What the exercise asks:
Would you write out the listing verbatim and skip every picture in it?

Records to use:
──────────────────────────────
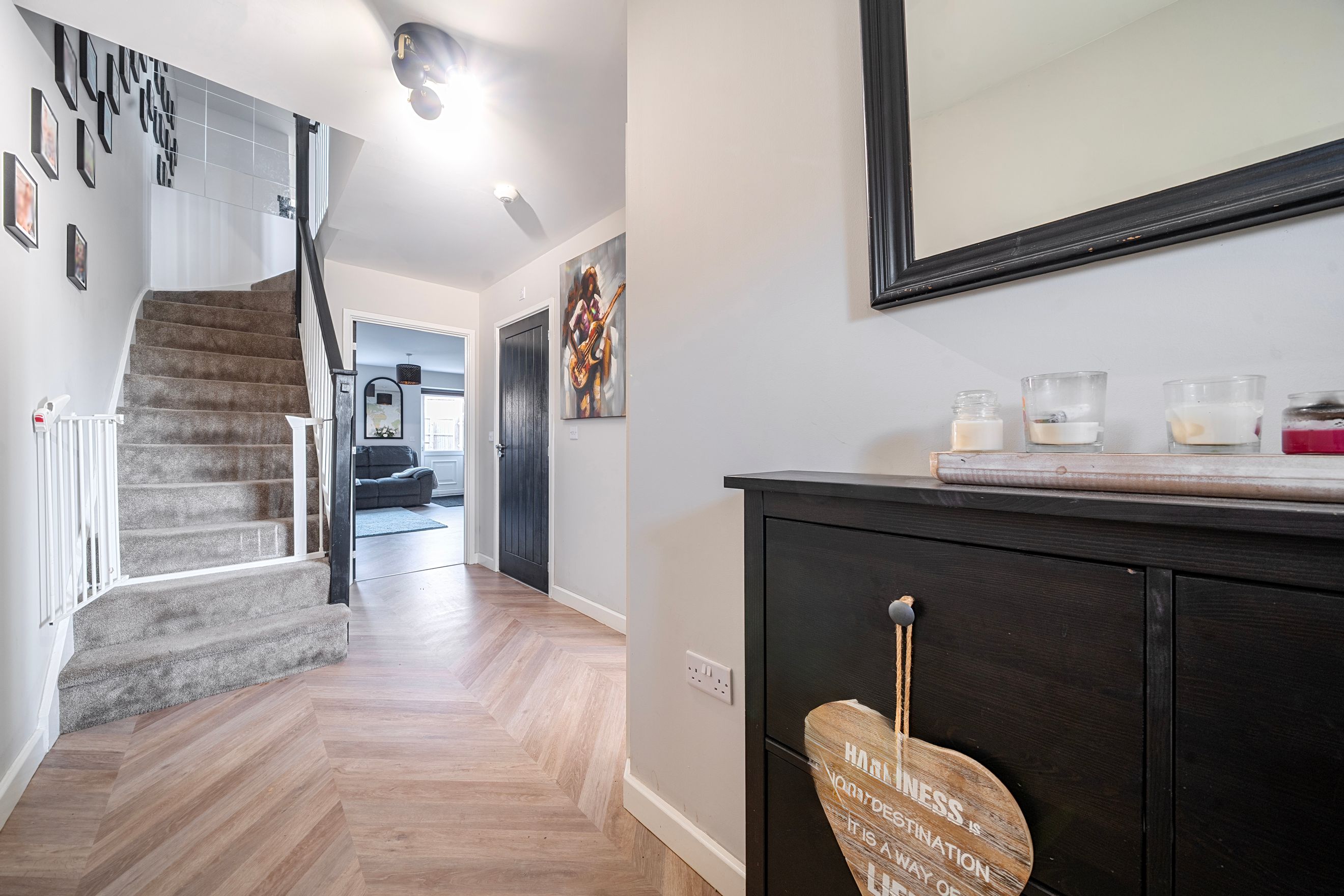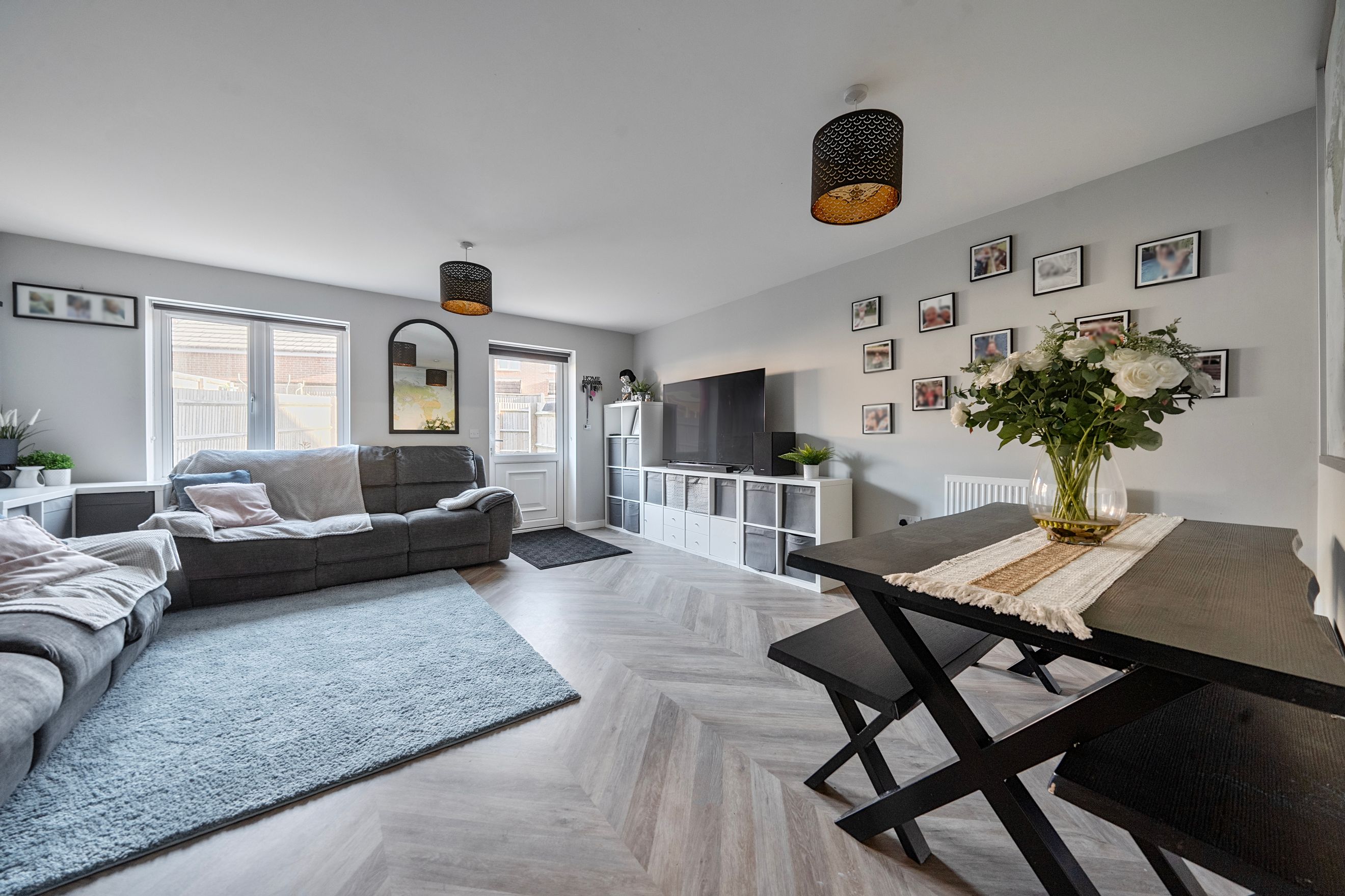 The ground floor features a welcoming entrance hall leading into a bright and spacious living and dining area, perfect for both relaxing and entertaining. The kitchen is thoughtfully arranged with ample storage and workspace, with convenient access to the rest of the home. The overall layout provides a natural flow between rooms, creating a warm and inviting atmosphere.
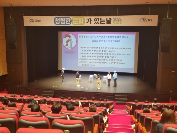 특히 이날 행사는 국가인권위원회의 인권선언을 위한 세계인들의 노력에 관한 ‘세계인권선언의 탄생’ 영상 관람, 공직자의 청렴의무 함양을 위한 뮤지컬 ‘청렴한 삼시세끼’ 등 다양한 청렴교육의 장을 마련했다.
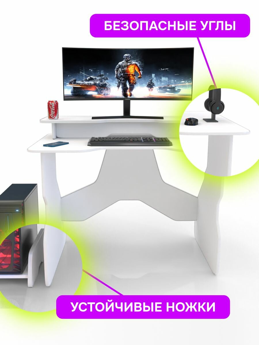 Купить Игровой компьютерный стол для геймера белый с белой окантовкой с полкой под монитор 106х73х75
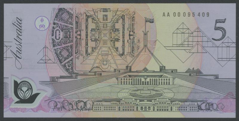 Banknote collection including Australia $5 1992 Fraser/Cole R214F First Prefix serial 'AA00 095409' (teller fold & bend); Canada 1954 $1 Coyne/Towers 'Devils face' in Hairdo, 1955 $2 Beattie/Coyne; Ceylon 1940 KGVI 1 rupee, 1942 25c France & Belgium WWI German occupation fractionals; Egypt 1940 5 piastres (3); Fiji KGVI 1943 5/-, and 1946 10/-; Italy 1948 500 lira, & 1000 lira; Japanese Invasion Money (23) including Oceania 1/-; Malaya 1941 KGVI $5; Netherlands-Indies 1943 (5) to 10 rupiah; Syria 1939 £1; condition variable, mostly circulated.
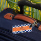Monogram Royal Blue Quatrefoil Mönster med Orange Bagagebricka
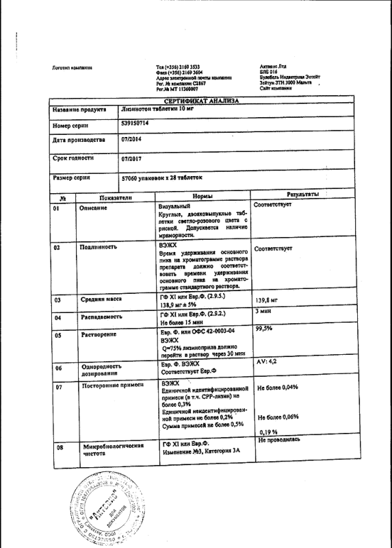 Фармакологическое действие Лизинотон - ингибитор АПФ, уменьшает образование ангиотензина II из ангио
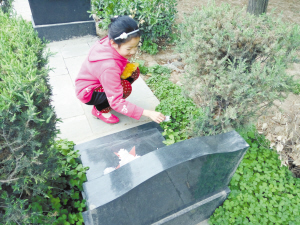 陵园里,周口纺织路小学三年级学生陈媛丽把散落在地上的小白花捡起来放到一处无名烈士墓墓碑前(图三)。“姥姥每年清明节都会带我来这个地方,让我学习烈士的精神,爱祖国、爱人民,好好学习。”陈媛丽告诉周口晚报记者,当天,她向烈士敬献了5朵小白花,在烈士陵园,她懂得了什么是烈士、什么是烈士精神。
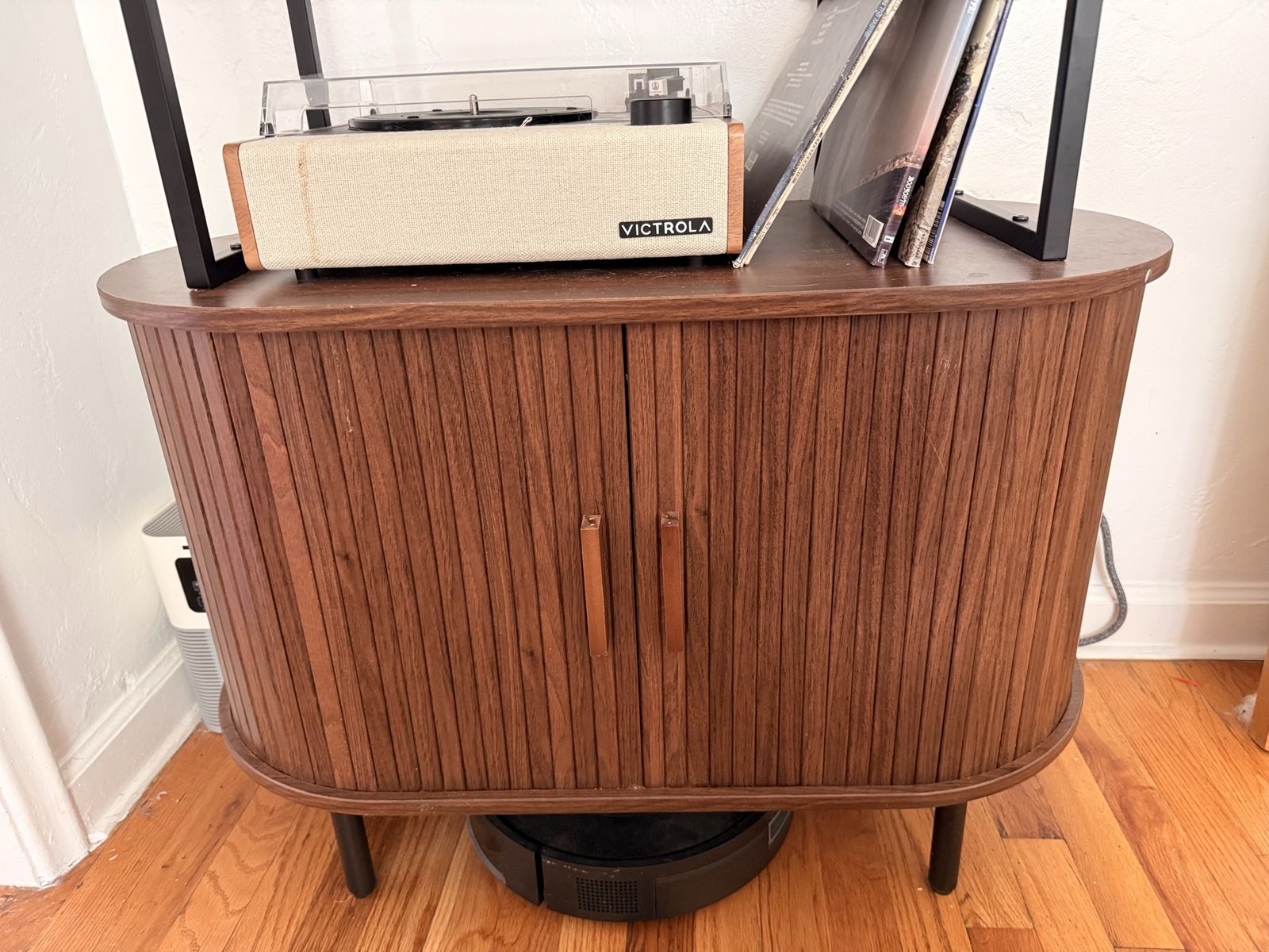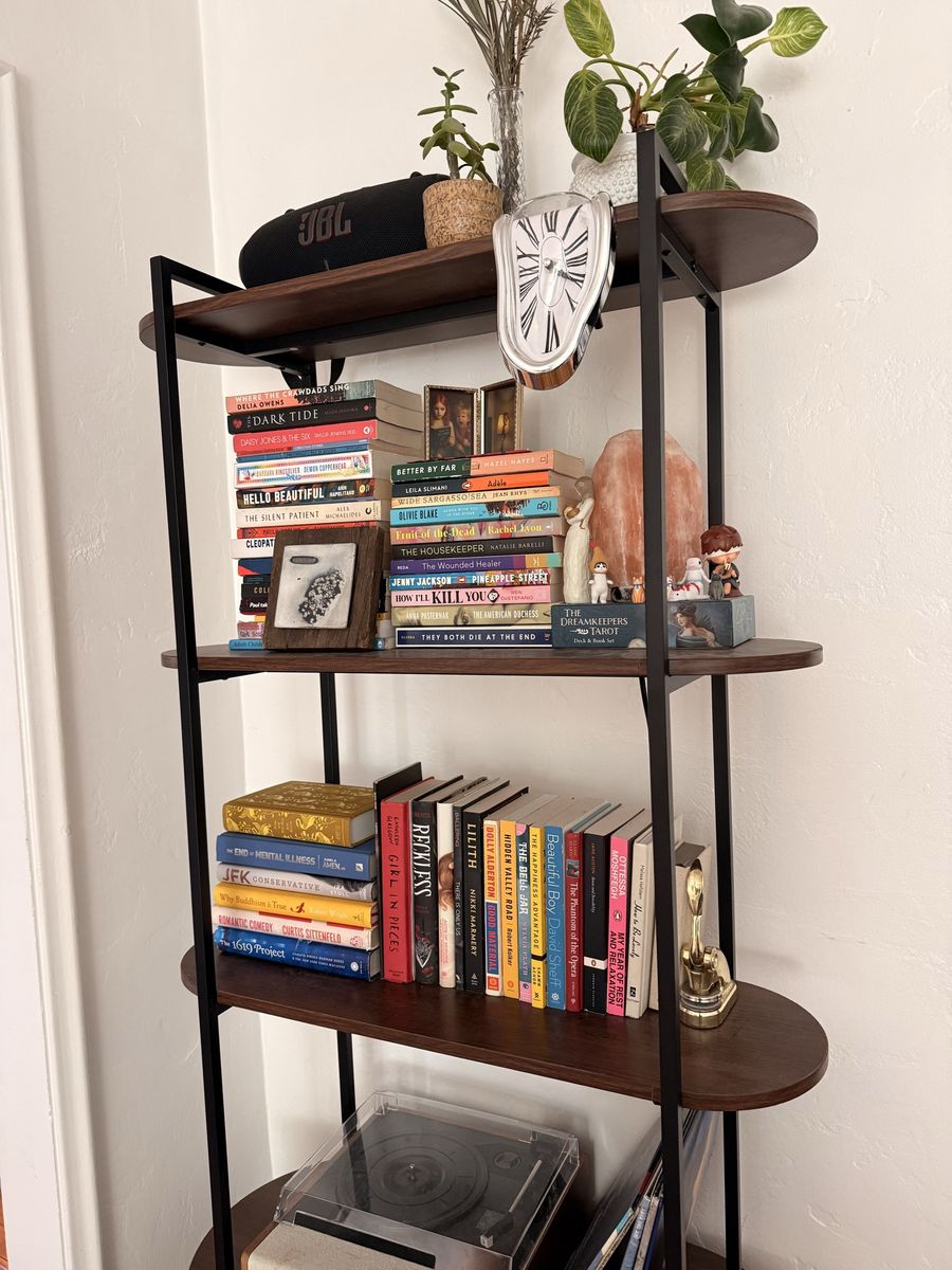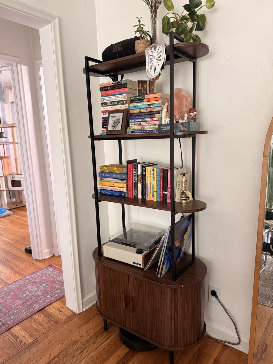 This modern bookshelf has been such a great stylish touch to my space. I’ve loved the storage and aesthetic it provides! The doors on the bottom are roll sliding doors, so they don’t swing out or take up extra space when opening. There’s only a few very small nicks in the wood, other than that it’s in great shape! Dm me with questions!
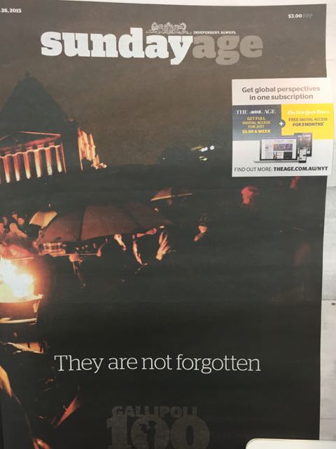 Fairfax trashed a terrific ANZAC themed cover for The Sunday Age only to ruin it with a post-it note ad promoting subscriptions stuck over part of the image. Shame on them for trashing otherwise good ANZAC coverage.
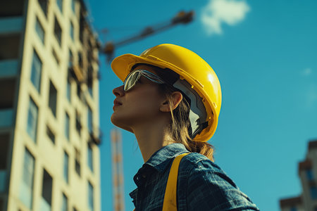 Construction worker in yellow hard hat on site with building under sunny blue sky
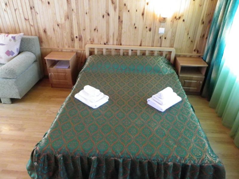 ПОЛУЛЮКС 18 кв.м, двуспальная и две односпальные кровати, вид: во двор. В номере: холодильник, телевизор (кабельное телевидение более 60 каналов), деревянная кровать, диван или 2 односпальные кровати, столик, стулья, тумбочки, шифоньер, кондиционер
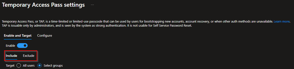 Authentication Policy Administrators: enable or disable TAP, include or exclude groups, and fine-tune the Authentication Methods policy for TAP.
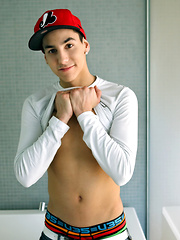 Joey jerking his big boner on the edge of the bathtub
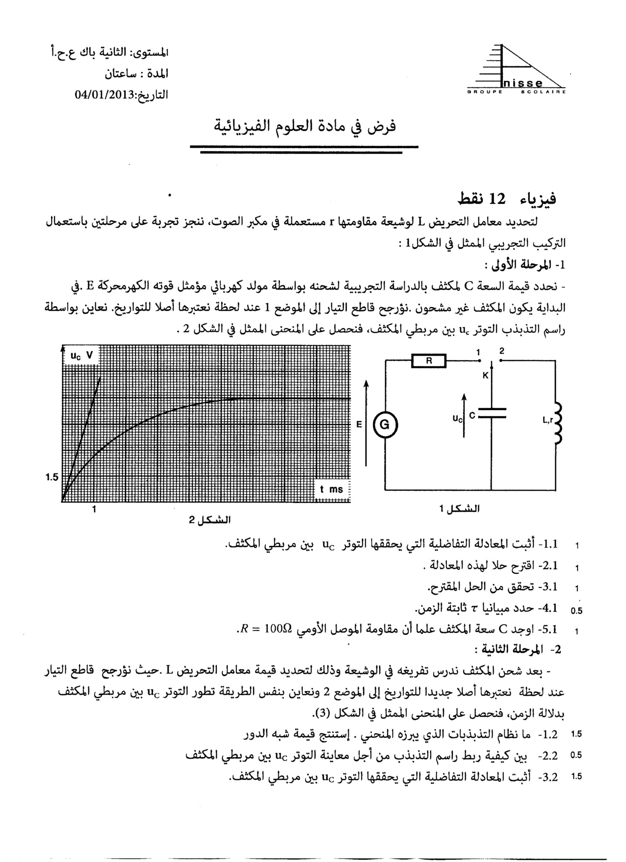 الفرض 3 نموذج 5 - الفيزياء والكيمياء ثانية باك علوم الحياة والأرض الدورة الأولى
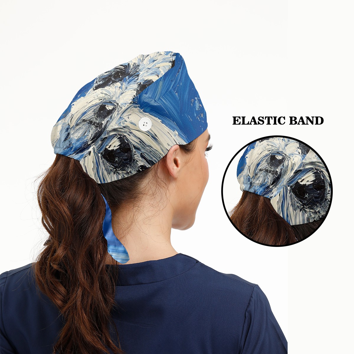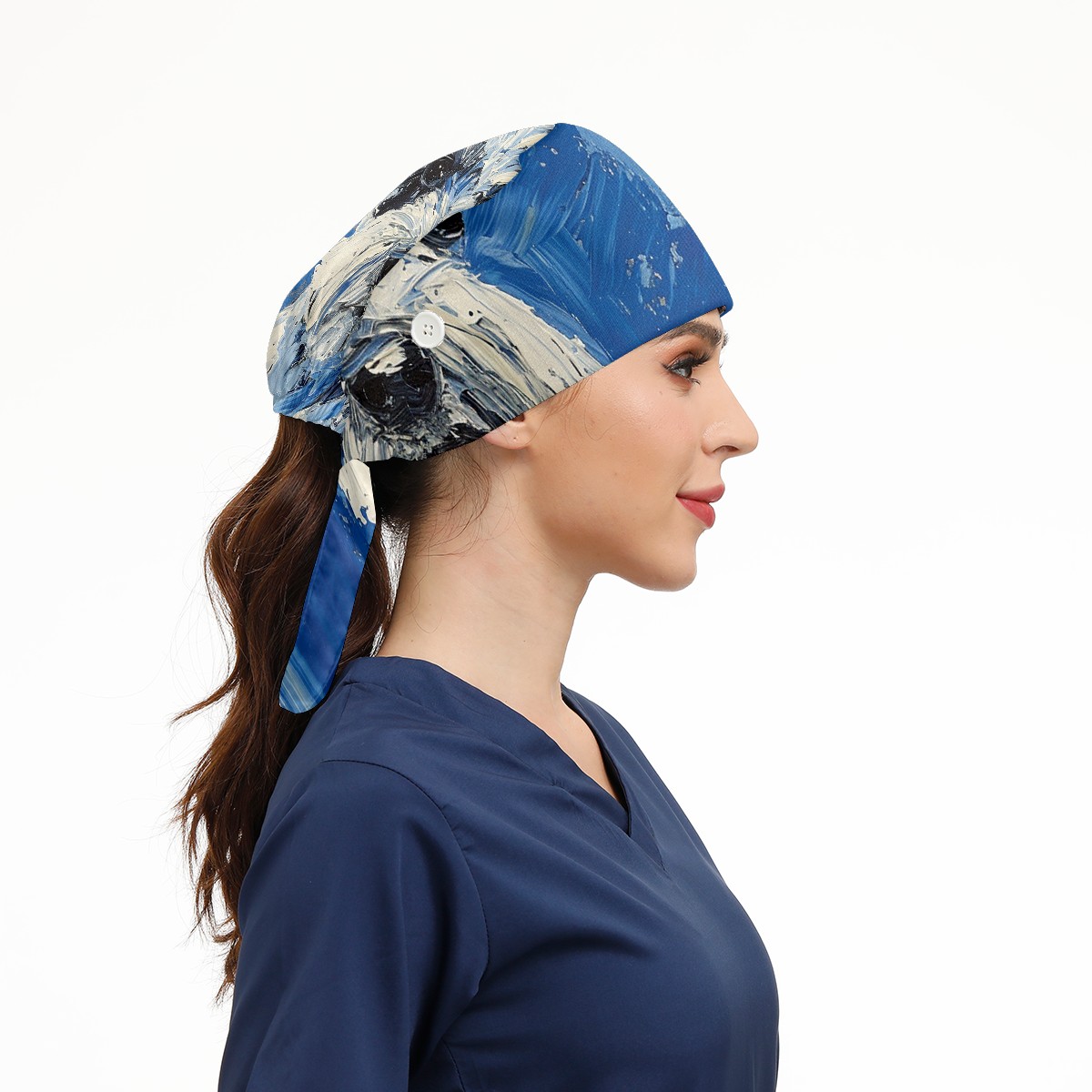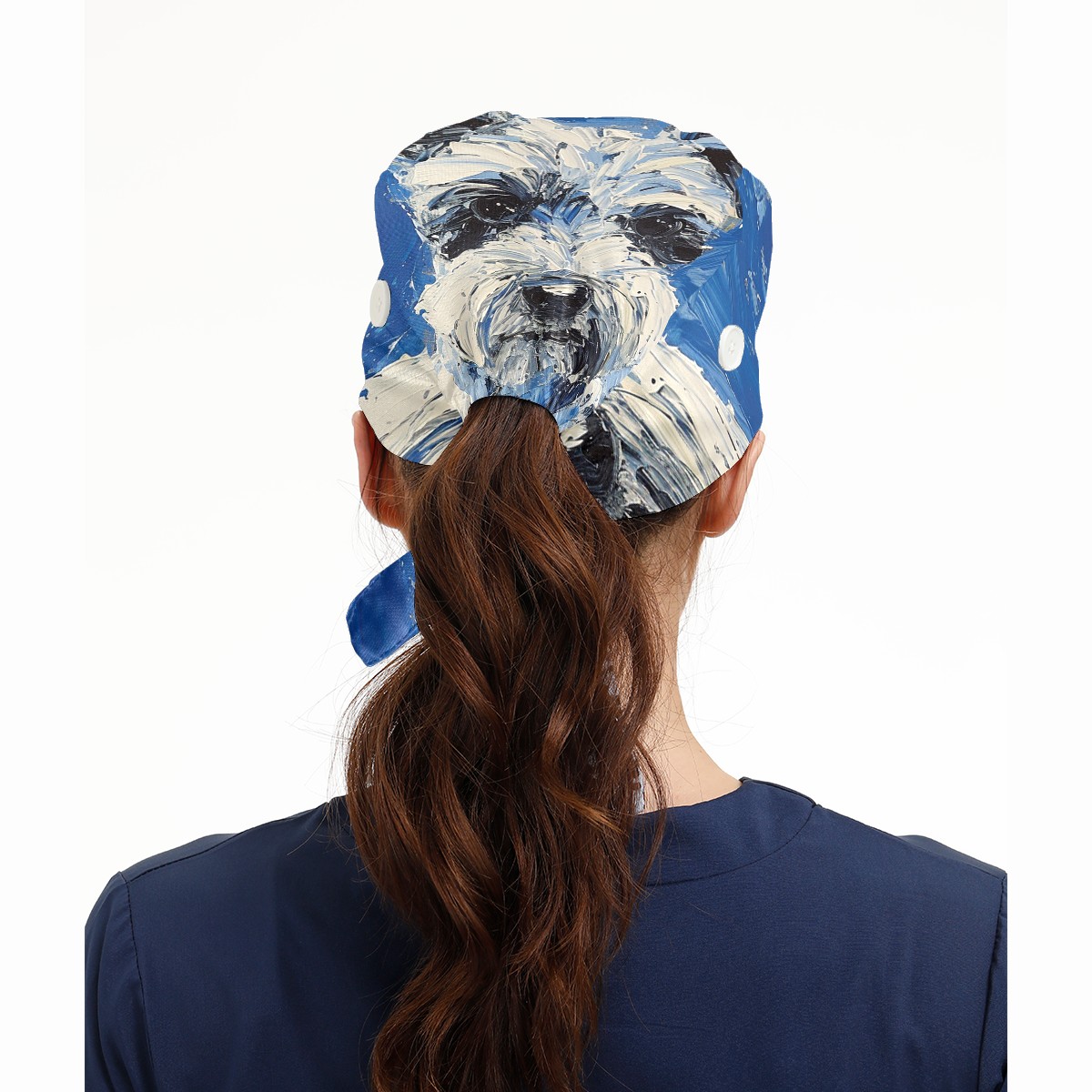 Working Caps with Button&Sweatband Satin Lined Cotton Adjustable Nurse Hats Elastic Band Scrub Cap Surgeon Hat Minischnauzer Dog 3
──────────────────────────────
Written answer:
 The ground floor features a welcoming entrance hall leading into a bright and spacious living and dining area, perfect for both relaxing and entertaining. The kitchen is thoughtfully arranged with ample storage and workspace, with convenient access to the rest of the home. The overall layout provides a natural flow between rooms, creating a warm and inviting atmosphere.
 특히 이날 행사는 국가인권위원회의 인권선언을 위한 세계인들의 노력에 관한 ‘세계인권선언의 탄생’ 영상 관람, 공직자의 청렴의무 함양을 위한 뮤지컬 ‘청렴한 삼시세끼’ 등 다양한 청렴교육의 장을 마련했다.
 Купить Игровой компьютерный стол для геймера белый с белой окантовкой с полкой под монитор 106х73х75
 Banknote collection including Australia $5 1992 Fraser/Cole R214F First Prefix serial 'AA00 095409' (teller fold & bend); Canada 1954 $1 Coyne/Towers 'Devils face' in Hairdo, 1955 $2 Beattie/Coyne; Ceylon 1940 KGVI 1 rupee, 1942 25c France & Belgium WWI German occupation fractionals; Egypt 1940 5 piastres (3); Fiji KGVI 1943 5/-, and 1946 10/-; Italy 1948 500 lira, & 1000 lira; Japanese Invasion Money (23) including Oceania 1/-; Malaya 1941 KGVI $5; Netherlands-Indies 1943 (5) to 10 rupiah; Syria 1939 £1; condition variable, mostly circulated.
Monogram Royal Blue Quatrefoil Mönster med Orange Bagagebricka
 Фармакологическое действие Лизинотон - ингибитор АПФ, уменьшает образование ангиотензина II из ангио
 陵园里,周口纺织路小学三年级学生陈媛丽把散落在地上的小白花捡起来放到一处无名烈士墓墓碑前(图三)。“姥姥每年清明节都会带我来这个地方,让我学习烈士的精神,爱祖国、爱人民,好好学习。”陈媛丽告诉周口晚报记者,当天,她向烈士敬献了5朵小白花,在烈士陵园,她懂得了什么是烈士、什么是烈士精神。
 This modern bookshelf has been such a great stylish touch to my space. I’ve loved the storage and aesthetic it provides! The doors on the bottom are roll sliding doors, so they don’t swing out or take up extra space when opening. There’s only a few very small nicks in the wood, other than that it’s in great shape! Dm me with questions!
 Fairfax trashed a terrific ANZAC themed cover for The Sunday Age only to ruin it with a post-it note ad promoting subscriptions stuck over part of the image. Shame on them for trashing otherwise good ANZAC coverage.
 Construction worker in yellow hard hat on site with building under sunny blue sky
 ПОЛУЛЮКС 18 кв.м, двуспальная и две односпальные кровати, вид: во двор. В номере: холодильник, телевизор (кабельное телевидение более 60 каналов), деревянная кровать, диван или 2 односпальные кровати, столик, стулья, тумбочки, шифоньер, кондиционер
 Authentication Policy Administrators: enable or disable TAP, include or exclude groups, and fine-tune the Authentication Methods policy for TAP.
 Joey jerking his big boner on the edge of the bathtub
 الفرض 3 نموذج 5 - الفيزياء والكيمياء ثانية باك علوم الحياة والأرض الدورة الأولى
 Working Caps with Button&Sweatband Satin Lined Cotton Adjustable Nurse Hats Elastic Band Scrub Cap Surgeon Hat Minischnauzer Dog 3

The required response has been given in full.